Vorträge unserer Experten
Abstracts [nur in Englisch verfügbar]
Generative Models for Transfer Learning on Seismic Data
(Speaker: Ricard Durall , Valentin Tschannen, Norman Ettrich, Janis Keuper)
Over the last years, Deep Learning models have become increasingly successful in the attempt to automate various pre-processing steps and interpretation tasks in the seismic processing pipeline. Recently, there have been very impressive show cases for tasks like fault and salt detection, horizon tracking or pre-stack filtering. However, most of the approaches introduces so far, are relying on supervised learning algorithms which are requiring large amounts of mostly manually annotated training data. The generation of these data sets is not only very expensive, but also does not scale. In addition, many models that have been trained on a specific dataset (e.g. from a certain location), will not directly generalize to work on other data sets.
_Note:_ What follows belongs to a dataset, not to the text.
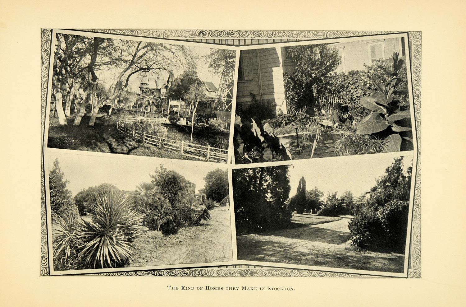 This is an original 1901 halftone print of some quaint homes and gardens in Stockton, California, of San Joaquin County.

In this talk, we will summarize our latest work on transfer learning in the seismic domain and show how we can use generative neural networks to combine physical simulations and real data, in order to train models with very little annotations.
Efficient Scheduling of Interactive Python Jobs on HPC Systems
(Speaker: Philipp Reusch, Dominik Strassel, Janis Keuper)
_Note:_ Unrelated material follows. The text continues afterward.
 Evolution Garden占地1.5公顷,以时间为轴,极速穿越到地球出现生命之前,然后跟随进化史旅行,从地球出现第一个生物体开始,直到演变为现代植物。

Research and development of deep learning methods, especially for large and high dimensional seismic data, requires vast compute resources. At the same time, machine learning developers have a strong preference towards interactive Python workflows. This is one reason why it is quite challenging to integrate Deep Learning related jobs into classical HPC environments. In this talk we present a solution for a highly efficient scheduling of such jobs. Our approach is based on an available open source stack, allowing very high GPU utilizations while scheduling interactive python jobs alongside classical HPC jobs on a single system.
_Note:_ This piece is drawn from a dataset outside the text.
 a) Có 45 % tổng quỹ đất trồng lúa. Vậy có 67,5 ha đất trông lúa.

Tarantella – A framework for distributed Deep Learning
(Speaker: Peter Labus, Alexandra Carpen-Amarie, Martin Kühn)
Much of the recent progress in Deep Learning has been achieved through datasets and deep neural networks (DNNs) growing in size. High-dimensional seismic data in particular demands large amounts of resources, both in terms of training time and memory to benefit from Deep Learning methods. To achieve strong and weak scaling for DNN training, both data and task parallelism have to be employed. In this talk, we will present our distributed Deep Learning framework Tarantella, which provides a high-level, TensorFlow-based interface, and aims at enabling strongly and weakly scalable DNN training on HPC systems. Tarantella is designed to seamlessly execute existing Keras models on HPC systems and pays special attention to reproducibility.